The Jellydator editor makes it simple to design automated trading strategies, but crafting a strategy that delivers consistent and profitable results requires thoughtful planning. In this article, we’ll share five practical tips to help you maximize your strategy’s effectiveness while making the most of your subscription limits.
TLDR:
- Use Date & Time step to limit strategy execution frequency and avoid hitting Jellydator or exchange limits.
- Use Paths step to create multiple outcomes within a single strategy.
- Avoid using the same asset in multiple strategies to prevent confusion and unexpected results.
- Don’t use Sell, Buy, or notification steps without preceding steps to prevent unintended actions or notifications.
- Use Asset Balance and Order Count steps to manage strategy flow, ensure sufficient funds, and avoid duplicate orders.
Tip 1: Use the Date & Time Step
Jellydator strategies typically execute every minute, but this frequency isn’t always ideal. For instance, if the data you’re analyzing updates less often or you only want to trigger actions at specific intervals—like placing an order every Monday for a Dollar-Cost Averaging (DCA) strategy—you can adjust the execution timing using the Date & Time step.
By incorporating the Date & Time step into your strategy, you gain control over when certain parts of it run. This helps you:
- Prevent unnecessary execution and reduce noise.
- Avoid exceeding the limits of your subscription plan.
- Minimize spamming your exchange with frequent actions.
Tip 2: Use the Paths Step
To create multiple outcomes based on shared preceding steps within a single strategy, the Paths step is an invaluable tool. This feature lets your strategy branch into multiple paths, each with its own unique conditions and results.
For example, suppose both of your buying and selling strategies rely on the same Google Trends condition to ensure no funds are used unless “bitcoin” is trending. With Paths, you can set this common condition once and then split into two branches: one for buying and another for selling.
Here’s why Paths is so useful:
- Shared conditions only need to be defined once, reducing repetition.
- Each path can have distinct logic tailored to specific scenarios.
- Combining multiple strategies into one and organizing it into branches makes it easier to understand and manage.
To read more about the Paths step, click here.
Tip 3: Avoid Using the Same Asset in Multiple Strategies
While there are exceptions, trading the same asset across multiple strategies can lead to conflicts and unpredictable outcomes. For instance, one strategy might purchase an asset and hold it until specific sell conditions are met. However, another strategy targeting the same asset could intervene during this holding period and sell it prematurely. This overlap can leave you confused, wondering if the first strategy was misconfigured.
To avoid such issues, it’s best to consolidate all—or at least most—of the logic for a specific asset into a single strategy. This approach offers several benefits:
- Ensures strategies don’t interfere with each other’s operations.
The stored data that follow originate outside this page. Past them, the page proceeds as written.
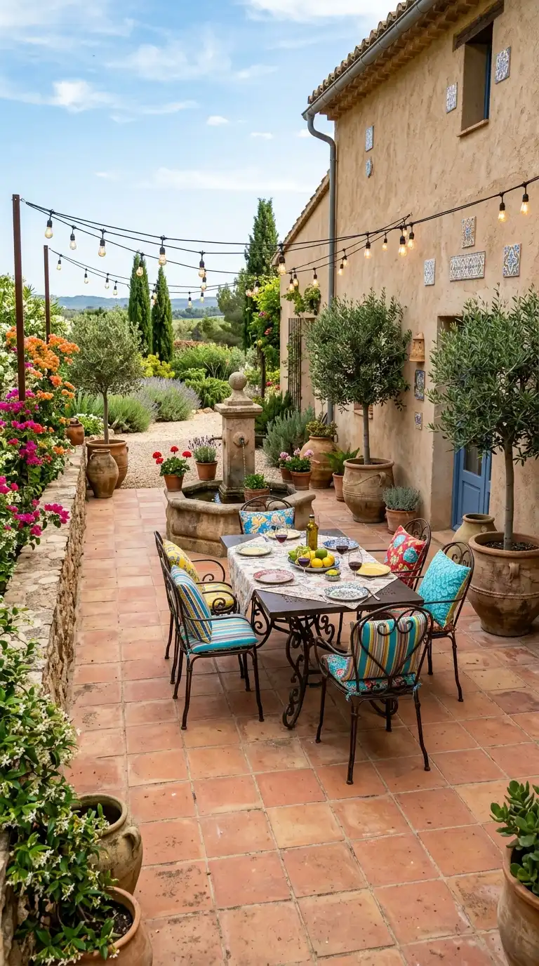 Mediterranean decor is warm, vibrant, and inviting. Use terracotta tiles or warm stone flooring. Add wrought iron furniture with colorful cushions in terracotta, yellow, and blue. Plant olive trees, lavender, and rosemary in terracotta pots. Use ceramic tiles as tabletops or wall art. Add a central fountain or a water feature. Hang string lights or paper lanterns for evening warmth.
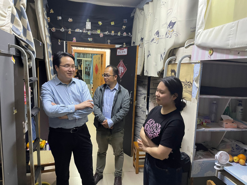 为推动主题教育走深走实,贯彻落实学生社区治理有关文件和会议精神,充分了解学生思想、学习和生活情况,近日,Betway必威西汉姆联官方网站院长胡守敏、党总支书记杨正强、副院长李景国、副院长张莉带领各科室负责人、辅导员、部分学生干部多次深入学生宿舍开展走访调研。
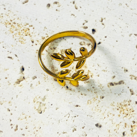 خاتم قابل للتعديل بتصميم أوراق الزيتون البسيط - مطلي بالذهب عيار 18 قيراطًا من الفولاذ المقاوم للصدأ 316L

- Makes it easier to monitor and evaluate your strategy’s performance.
- Reduces confusion by keeping your trading strategies organized.
Tip 4: Avoid Using Sell/Buy/Notification Steps Without Any Other Steps Before Them
As Jellydator strategies execute every minute, all steps within them—unless restricted by other steps—will also run every minute. If your strategy consists solely of a Sell, Buy, or notification step, it will keep executing continuously, potentially draining your balance or hitting the limits of your Jellydator subscription plan.
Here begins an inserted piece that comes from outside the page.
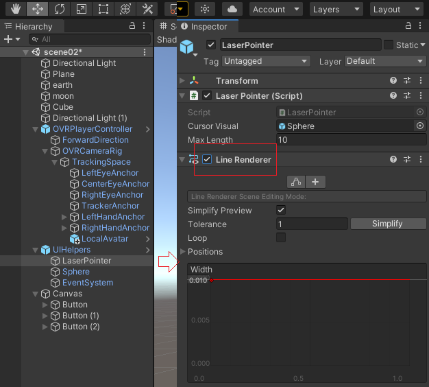 UIHelper > LaserPointer 의 Line Renderer를 채크하여준다.

For example, a strategy with only a Sell step will sell assets repeatedly without pause:
To prevent this, always include preceding steps that act as safeguards before the outcome step:
Tip 5: Use Asset Balance and Order Count Steps Before Placing an Order
Before placing an order, it’s always wise to check if you have the necessary funds using the Asset Balance step. While your strategy won’t break without this step, you’ll encounter error messages on the results page if there aren’t enough funds for the order. Including this step helps you manage your strategy’s execution flow and avoid such errors altogether.
Additionally, it’s often not ideal to place an order if a previous one executed by the same strategy has already been filled within a recent timeframe—such as the last day, week, or month. To prevent this, use the Order Count step. This step blocks your strategy from proceeding if an order has already been placed within your specified time period.
By combining Asset Balance and Order Count steps, you can ensure your strategy runs smoothly and avoids unnecessary errors or redundant orders.
Conclusion
While there are countless ways to fine-tune your strategies, these tips address some of the most common challenges you might face. Think of them as general guidelines to help you build more effective and efficient strategies. That said, there may be advanced scenarios where these tips don’t apply, and it’s perfectly fine to adapt them to suit your unique needs. Ultimately, the best approach depends on you—your goals, your strategies, and how you manage your exchange accounts. With thoughtful planning and a bit of experimentation, you’ll be well on your way to creating strategies that work for you.